Hamilton was eventually caught and was suspended from professional cycling. He became one of the first in his circle to implicate Lance Armstrong, testifying before federal investigators and appearing on “60 Minutes.” He says that he regrets his years of using performance-enhancing drugs. The lies and duplicity became an unbearable burden. His marriage fell apart. He sank into a depression. His book is supposed to serve as his apology. At that task, it fails. Try as he might—and sometimes he doesn’t seem to be trying very hard—Hamilton cannot explain why a sport that has no problem with the voluntary induction of anorexia as a performance-enhancing measure is so upset about athletes infusing themselves with their own blood.
“Dope is not really a magical boost as much as it is a way to control against declines,” Hamilton writes. Doping meant that cyclists finally could train as hard as they wanted. It was the means by which pudgy underdogs could compete with natural wonders. “People think doping is for lazy people who want to avoid hard work,” Hamilton writes. For many riders, the opposite was true:
EPO granted the ability to suffer more; to push yourself farther and harder than you’d ever imagined, in both training and racing. It rewarded precisely what I was good at: having a great work ethic, pushing myself to the limit and past it.
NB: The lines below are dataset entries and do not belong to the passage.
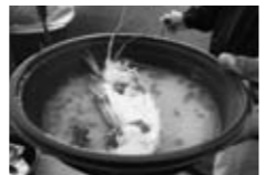
▲伊勢えびのみそ汁

※このほか、特産品ギフトセ ット展示予約会や農産物品 評会なども行います。3日 ③には、伊勢えびのみそ汁 の販売(1杯1,000円、100 杯限定。午前11時から整理券配布)、天草黒牛 の肉の販売(午前10時30分～)も行います。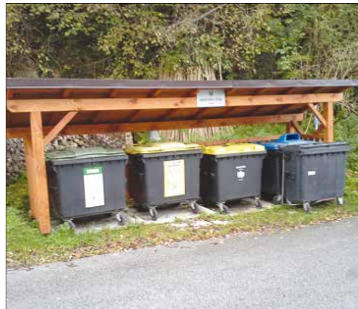
Pod gradom Turjak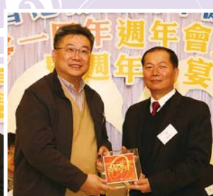
緯創香港有限公司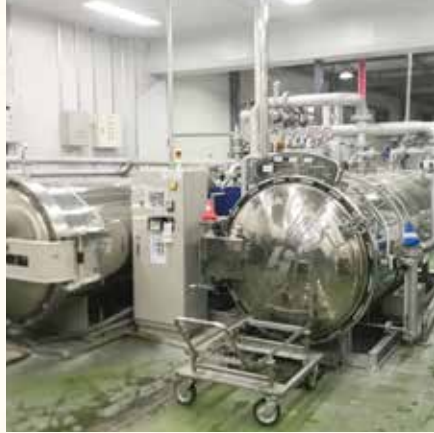
Retort Sterilizer 레토르트기기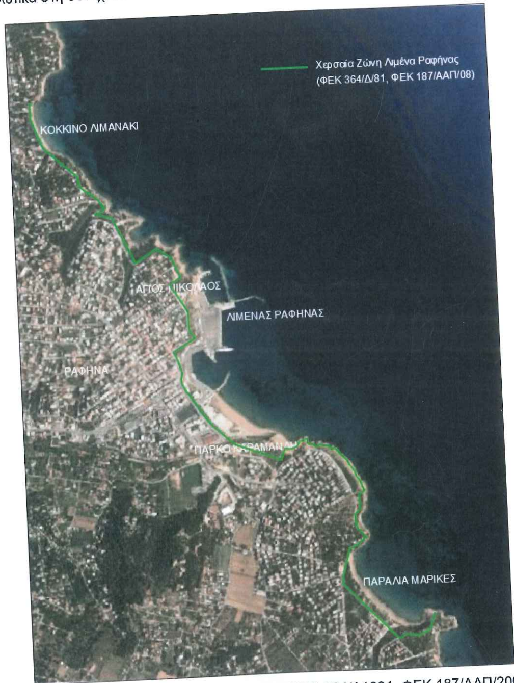
Σχήμα 3.1: Χερσαία Ζώνη Λιμένας Ραφήνας (ΦΕΚ 364/Δ1981, ΦΕΚ 187/ΑΑΠ/2008) – Εξεταζόμενες προς αποχαρκτηρισμό περιοχές

Η Χ.Ζ. Λιμένας Ραφήνας και οι προαναφερθείσες περιοχές που αξιολογούνται στα πλαίσια του παρόντος σε σχέση με τον ενδεχόμενο αποχαρκτηρισμό τους, παρουσιάζονται στο συνημμένο Σχέδιο 1 και στο Σχήμα 3.1 και περιγράφονται αναλυτικά στη συνέχεια.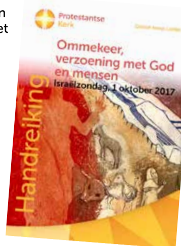
Voor handreiking en informatie W www.protestantsekerk.nl/themas/kerk-en-israel/israelzondag

volk Israël, is er bezinning op de relatie van de Kerk met Israël, en gebed voor dit volk. In dienen, leren en vieren zoekt de Kerk de relatie met het Joodse volk. In 1949 stelde de hervormde synode de Israëlzondag in, net na de Tweede Wereldoorlog en de vestiging van de staat Israël. Met de opbrengst van de collecte deze zondag wordt onder meer de christelijke leef- en werkgemeenschap Nes Ammim gesteund en in eigen land het OJEC dat het gesprek tussen joden en christenen stimuleert.

I felt almost giddy: this was a new landscape. I began to see races differently. They weren’t rolls of the genetic dice, or who happened to be on form that day. They didn’t depend on who you were. They depended on what you did—how hard you worked, how attentive and professional you were in your preparation.
This is a long way from the exploits of genial old men living among the pristine pines of northern Finland. It is a vision of sports in which the object of competition is to use science, intelligence, and sheer will to conquer natural difference. Hamilton and Armstrong may simply be athletes who regard this kind of achievement as worthier than the gold medals of a man with the dumb luck to be born with a random genetic mutation.